И все же, несмотря на все эти миры, королевства, земли, города, – внимание Владыки сосредоточено на вас и единственно на вас. Он очень любит вас. Его глубочайшее желание – чтобы все вы обрели счастье.

Очень хорошо иметь такого друга.

Никогда еще вы не нуждались в Его дружбе более. Ибо вы – в опасности. Собираясь делать только добро, вы вот-вот совершите ошибку, которую запомните навечно. Владыка видит ее – там, где вы не можете ее увидеть, и немедленно откладывает все свои дела, дабы предостеречь вас.

Его посланники разлетаются во всех направлениях – им несть числа, и среди них есть как такие, которые никуда не прибудут, так и те, которые летят прямо к вам – все они истово преданы этой задаче. Он никогда не предаст ваше доверие. Никогда не отвернется от вас. Никогда не умрет.

И вот самый неустрашимый посланец направляется прямо к вам! Он знает, что у вас есть лучший и единственный шанс услышать сладкие слова этой могущественной силы, и очень крепко любит вас. Он существует только для того, чтобы донести их до вас.

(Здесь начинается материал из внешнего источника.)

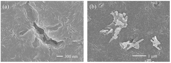 SEM photographs of detachment LDPE samples after degradation for 24 days: (a) surface pits (×30,000), and (b) recovered fragmentations (×20,000).
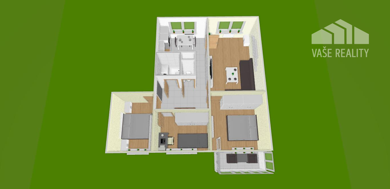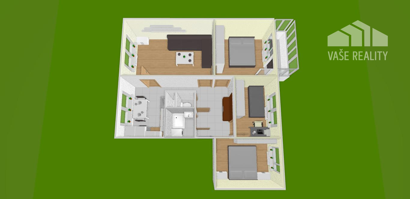 Realitná kancelária Vaše Reality - Pripravujeme na predaj dispozične výborne riešený rodinný byt so štyrmi nepriechodnými izbami a samostatnou kuchyňou. Benefitom je priestranná kúpeľňa s veľkým sprchovým kútom a zasklená lodžia. Byt pôsobí svetlo, vzdušne a ponúka komfort moderného bývania bez ďalších investícií.

Быстрее орла, он стремительно приближается!

Увы, мы живем далеко, далеко, невозможно далеко от двора Владыки. Лучу света, самому быстрому, что существует в космосе, понадобятся сотни миллионов лет, чтобы добраться до вас. Посланец двигается медленнее и не сумеет прибыть вовремя.

Но перечить Владыке не так просто.

Перед сотворением мира Он предвидел подобный кризис. Он знал, что, несмотря на Его присмотр и предостережения, вы впадете в ошибку. Поэтому, поскольку все же любит вас, Он написал самые понятные советы, дабы вы руководствовались ими. Пять раз, пятью способами, Он записал их для вас. Сначала огненными буквами, каждая высотой в милю. Потом, разрыв пальцами землю, Он проложил по ней ручьи, реки и озера, сделав из каждой руну своего великого послания. Затем, засучив рукава, Он замесил землю, как глину, и вылепил каждый слог как вздымающуюся вершину, каждое слово – цепь упирающихся в небо гор. На небесном своде Он описал свои намерения при помощи звезд. Но земля остыла, а огненные буквы погасли. Реки меняли как ни попадя свои русла, а озера мельчали и высыхали. Континенты медленно разошлись и, бродя по океанам, сталкивались, поглощая старые горы и вздымая новые. Галактики вращались, и звезды разбрелись, создав новые созвездия.